- _ACTIVITY_: For this exercise, write out every entry exactly and leave the pictures out.

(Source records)
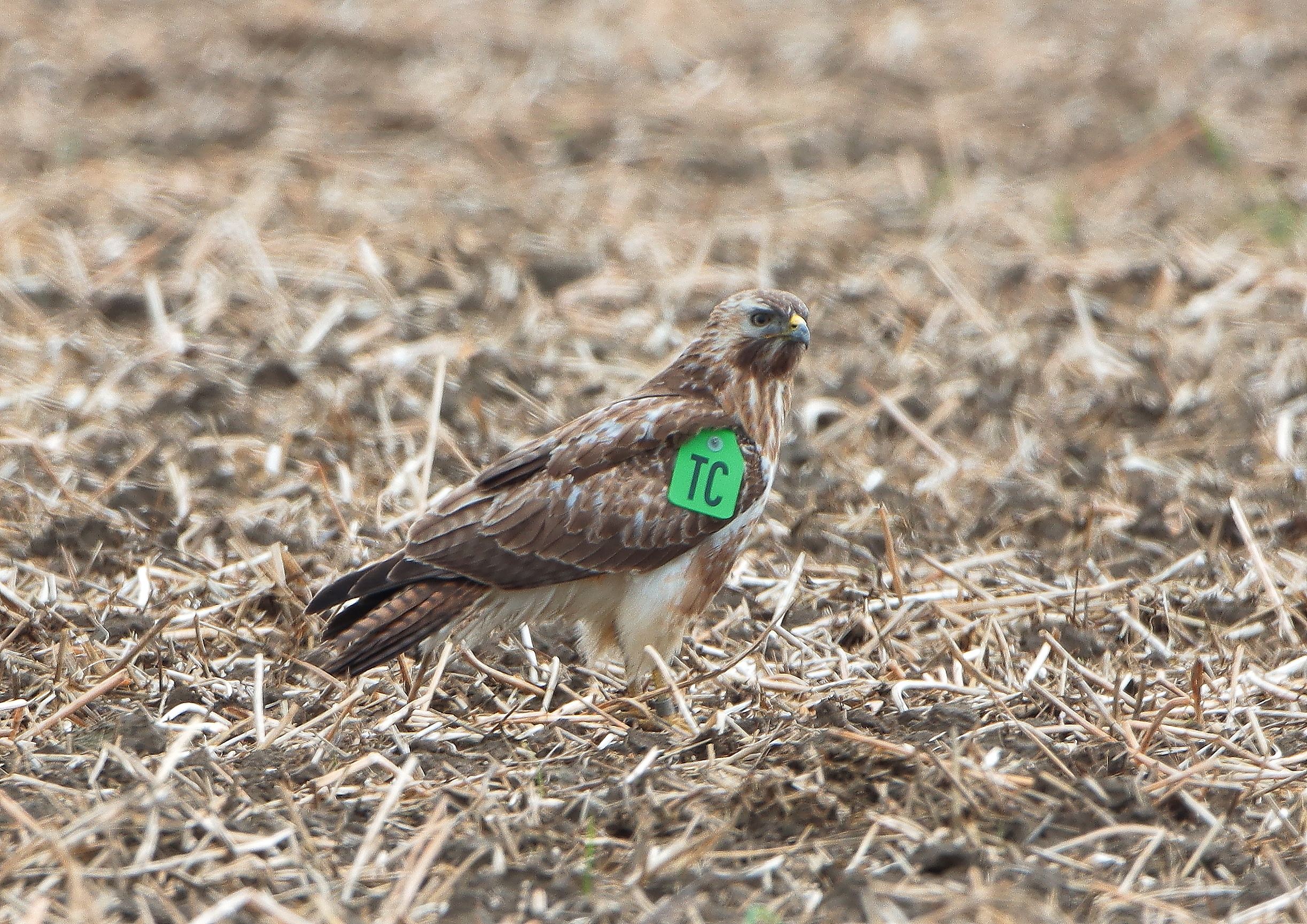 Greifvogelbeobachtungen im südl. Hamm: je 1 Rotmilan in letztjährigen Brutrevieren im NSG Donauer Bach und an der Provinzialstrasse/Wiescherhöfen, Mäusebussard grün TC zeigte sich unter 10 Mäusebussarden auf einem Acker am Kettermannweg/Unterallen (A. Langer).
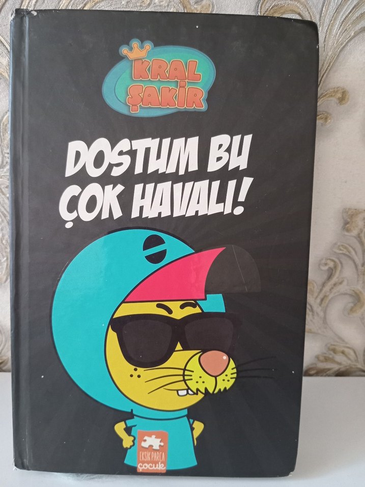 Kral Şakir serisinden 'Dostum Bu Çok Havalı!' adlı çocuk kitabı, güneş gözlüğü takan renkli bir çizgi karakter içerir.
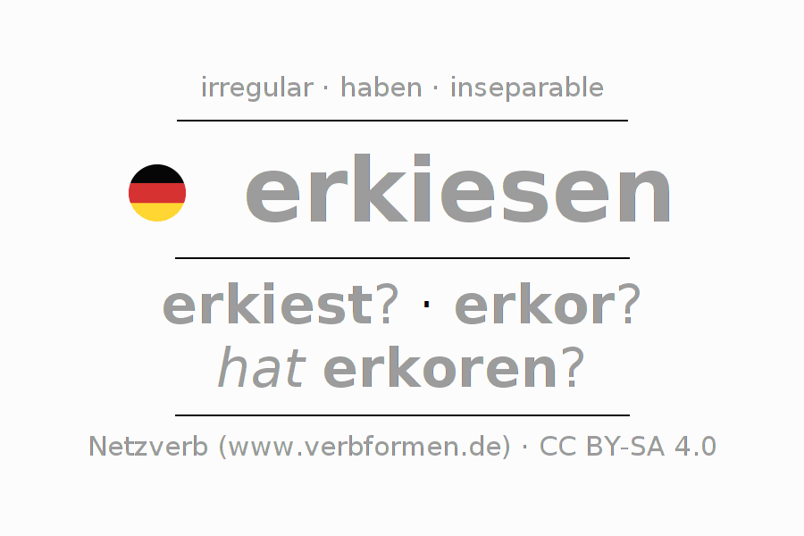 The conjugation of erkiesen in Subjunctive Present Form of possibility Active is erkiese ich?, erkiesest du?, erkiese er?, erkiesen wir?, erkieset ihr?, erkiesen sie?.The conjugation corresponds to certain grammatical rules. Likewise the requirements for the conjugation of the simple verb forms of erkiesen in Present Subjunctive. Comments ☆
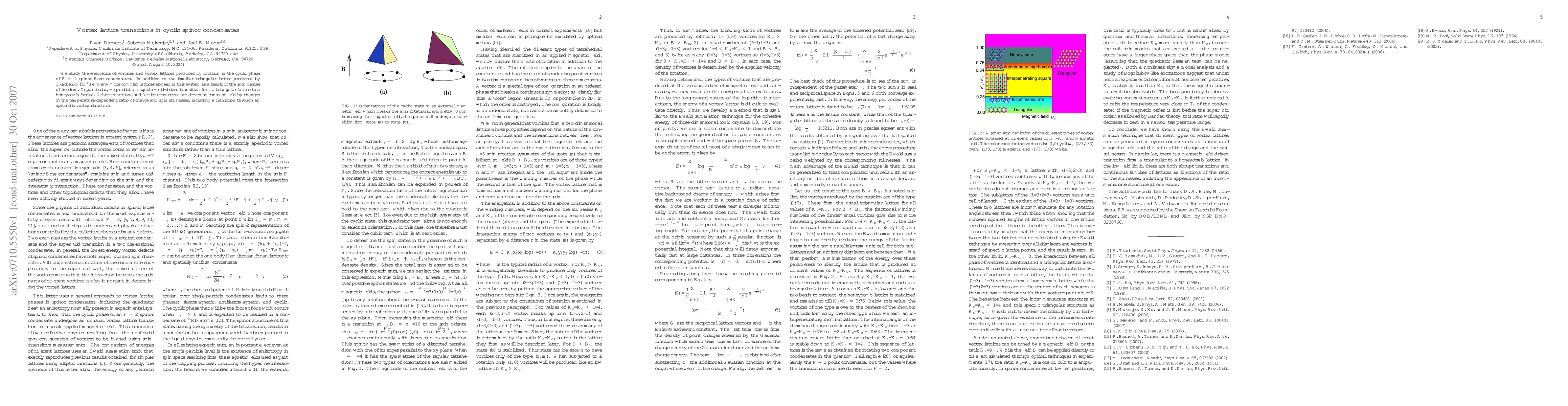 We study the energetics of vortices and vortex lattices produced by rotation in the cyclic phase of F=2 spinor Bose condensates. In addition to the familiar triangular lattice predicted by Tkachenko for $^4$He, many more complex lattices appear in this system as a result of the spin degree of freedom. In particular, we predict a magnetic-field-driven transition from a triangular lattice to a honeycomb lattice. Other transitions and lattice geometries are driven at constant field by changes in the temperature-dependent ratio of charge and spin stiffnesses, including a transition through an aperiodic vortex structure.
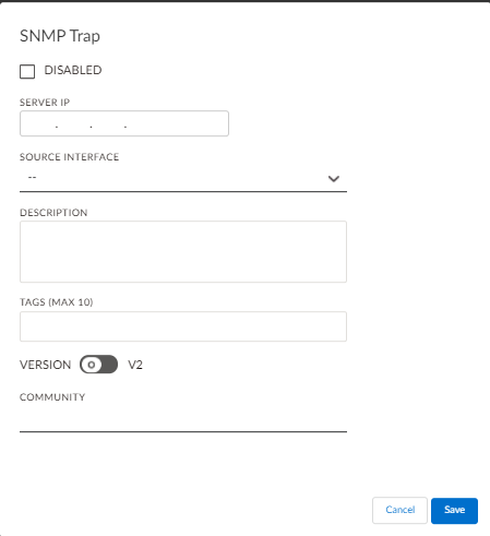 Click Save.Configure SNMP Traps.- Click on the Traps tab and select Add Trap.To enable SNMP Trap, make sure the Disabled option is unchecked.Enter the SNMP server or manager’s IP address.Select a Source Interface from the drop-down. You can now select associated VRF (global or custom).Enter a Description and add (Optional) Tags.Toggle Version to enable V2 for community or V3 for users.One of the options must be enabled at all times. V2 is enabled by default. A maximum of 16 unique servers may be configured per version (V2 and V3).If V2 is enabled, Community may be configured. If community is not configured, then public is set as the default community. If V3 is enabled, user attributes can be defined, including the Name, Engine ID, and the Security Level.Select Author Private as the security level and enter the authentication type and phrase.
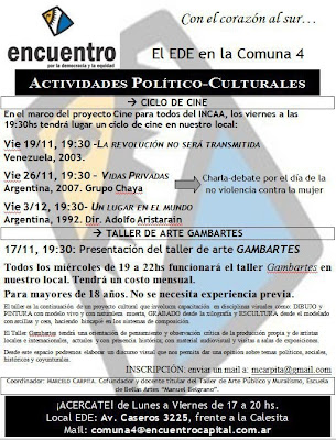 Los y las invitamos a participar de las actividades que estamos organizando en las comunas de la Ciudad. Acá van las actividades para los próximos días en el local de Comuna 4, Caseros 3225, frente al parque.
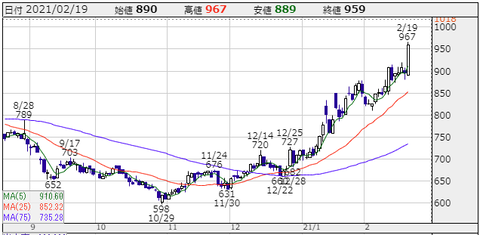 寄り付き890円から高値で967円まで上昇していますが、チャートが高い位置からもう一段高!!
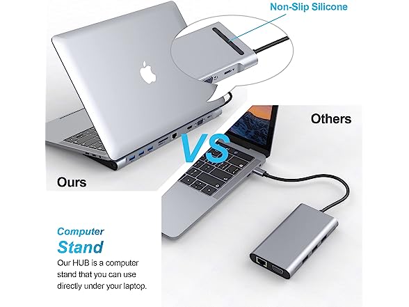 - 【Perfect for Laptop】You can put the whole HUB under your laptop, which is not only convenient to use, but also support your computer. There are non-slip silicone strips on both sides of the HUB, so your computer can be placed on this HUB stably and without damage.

- _EXPECTED ANSWER_:
 Greifvogelbeobachtungen im südl. Hamm: je 1 Rotmilan in letztjährigen Brutrevieren im NSG Donauer Bach und an der Provinzialstrasse/Wiescherhöfen, Mäusebussard grün TC zeigte sich unter 10 Mäusebussarden auf einem Acker am Kettermannweg/Unterallen (A. Langer).
 Kral Şakir serisinden 'Dostum Bu Çok Havalı!' adlı çocuk kitabı, güneş gözlüğü takan renkli bir çizgi karakter içerir.
 The conjugation of erkiesen in Subjunctive Present Form of possibility Active is erkiese ich?, erkiesest du?, erkiese er?, erkiesen wir?, erkieset ihr?, erkiesen sie?.The conjugation corresponds to certain grammatical rules. Likewise the requirements for the conjugation of the simple verb forms of erkiesen in Present Subjunctive. Comments ☆
 We study the energetics of vortices and vortex lattices produced by rotation in the cyclic phase of F=2 spinor Bose condensates. In addition to the familiar triangular lattice predicted by Tkachenko for $^4$He, many more complex lattices appear in this system as a result of the spin degree of freedom. In particular, we predict a magnetic-field-driven transition from a triangular lattice to a honeycomb lattice. Other transitions and lattice geometries are driven at constant field by changes in the temperature-dependent ratio of charge and spin stiffnesses, including a transition through an aperiodic vortex structure.
 Click Save.Configure SNMP Traps.- Click on the Traps tab and select Add Trap.To enable SNMP Trap, make sure the Disabled option is unchecked.Enter the SNMP server or manager’s IP address.Select a Source Interface from the drop-down. You can now select associated VRF (global or custom).Enter a Description and add (Optional) Tags.Toggle Version to enable V2 for community or V3 for users.One of the options must be enabled at all times. V2 is enabled by default. A maximum of 16 unique servers may be configured per version (V2 and V3).If V2 is enabled, Community may be configured. If community is not configured, then public is set as the default community. If V3 is enabled, user attributes can be defined, including the Name, Engine ID, and the Security Level.Select Author Private as the security level and enter the authentication type and phrase.
 Los y las invitamos a participar de las actividades que estamos organizando en las comunas de la Ciudad. Acá van las actividades para los próximos días en el local de Comuna 4, Caseros 3225, frente al parque.
 寄り付き890円から高値で967円まで上昇していますが、チャートが高い位置からもう一段高!!
 - 【Perfect for Laptop】You can put the whole HUB under your laptop, which is not only convenient to use, but also support your computer. There are non-slip silicone strips on both sides of the HUB, so your computer can be placed on this HUB stably and without damage.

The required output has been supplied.